Clonidine. This blood pressure medication is an alpha-adrenergic agonist, meaning that it blocks the flight-or-fight hormones that produce much of the dread and panic associated with opioid withdrawal. It is useful for anxiety, insomnia, and high blood pressure (hypertension) caused by withdrawal, and it will likely help with restless limbs, as well*. *Editor's sidenote: The expression "kicking the habit" originated from the flailing of arms and legs that doctors observed in heroin addicts during detox.


Do not dose more than 0.1 mg of clonidine three times per day. If your blood pressure tends to run low, or if you are on other antihypertensive medications, you will need to be extra careful with this one. A dose of 0.1 mg twice per day is probably safer if you fall into this category.


It's best practice to borrow a blood pressure cuff to make sure that the clonidine isn't dropping your BP too much.

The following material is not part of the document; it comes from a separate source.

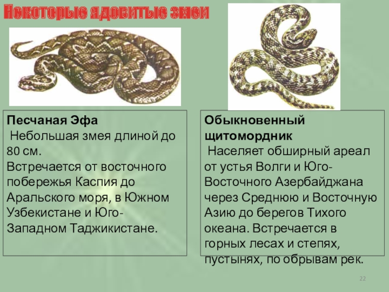 млн человек. Из них умирает около 40 тыс. В России ядовитые змеи встречаются в Закавказье, в Средней Азии, на Дальнем Востоке, в Сибири. Отравление змеиным ядом всегда бывает опасно для жизни. Поэтому очень важно уметь оказывать пострадавшему скорую помощь, т. к. от быстроты оказания помощи очень часто зависит жизнь человека.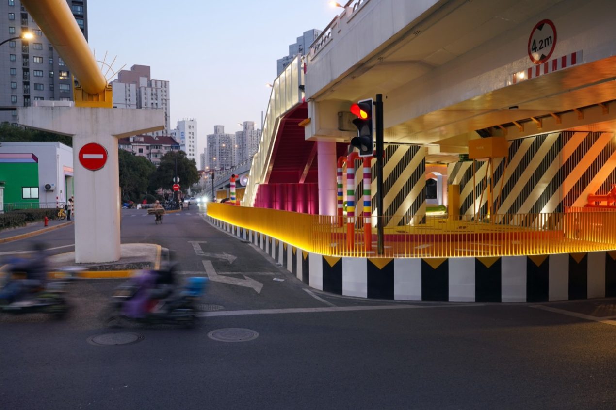 Based on this, the purpose of this transformation is not only to provide convenient transportation for daily travel but also to integrate local cultural atmosphere, achieve the cultural metamorphosis of infrastructure, and create a slow walking space on the banks of the Suzhou River that is friendly for people of all ages. Taking inspiration from a yellow municipal gas pipe that remained on site, the design team used the combination of “pipes” and “colors” as a clever way to break through the problem. The former is a representative element of the industrial history along the Suzhou River and even in modern Shanghai, while the latter is the best choice to change the shady and gloomy atmosphere of the space under the bridge.

If you aren't able to do this, dizziness upon changing position is a surefire indicator that you need to back off on the clonidine. Do not ever take more than 0.1 mg at a time, period. Many an addict in withdrawal has swallowed a few of these pills at once thinking that they are basically equivalent to Xanax or Ativan, which inevitably leads to nasty low-blood-pressure symptoms and a trip to the ER.


If you've taken clonidine for longer than 7 to 10 days, you will want to step down your dosage before discontinuing it to avoid rebound hypertension.


Zofran (ondansetron). This is a wonderful anti-nausea medication. Make sure to ask your prescriber for the sublingual version, which dissolves under your tongue, rather than the standard pill formulation, as you might not be able to keep down a pill and the sublingual formulation works faster, anyway. This med should decrease the nausea enough that you can get down some light soup, a bowl of plain rice, or some crackers.


Hydroxyzine (Atarax). This is a sedating antihistamine that helps with anxiety. In my experience, it is most effective if taken once per day to induce sleep, but many prescribers will recommend taking it every 6 hours during the worst days of withdrawal. Like gabapentin, it will lose its efficacy rapidly if you take it on too many days in a row, so after acute withdrawal is over, it's best if used as necessary (PRN).


Hydroxyzine is prescription only, but doxylamine succinate (Unisom) is an OTC alternative that works similarly. Benadryl (diphenhydramine) should only be taken if neither hydroxyzine nor doxylamine succinate can be procured, as it is not as effective and has worse side effects compared to these two medications. In particular, Benadryl is likely to leave you feeling gross if you take 50-100 mg and then cannot fall asleep.


Do not exceed the recommended dose on any of these medications. They can cause hallucinations (not the fun kind) and a host of other highly unpleasant symptoms.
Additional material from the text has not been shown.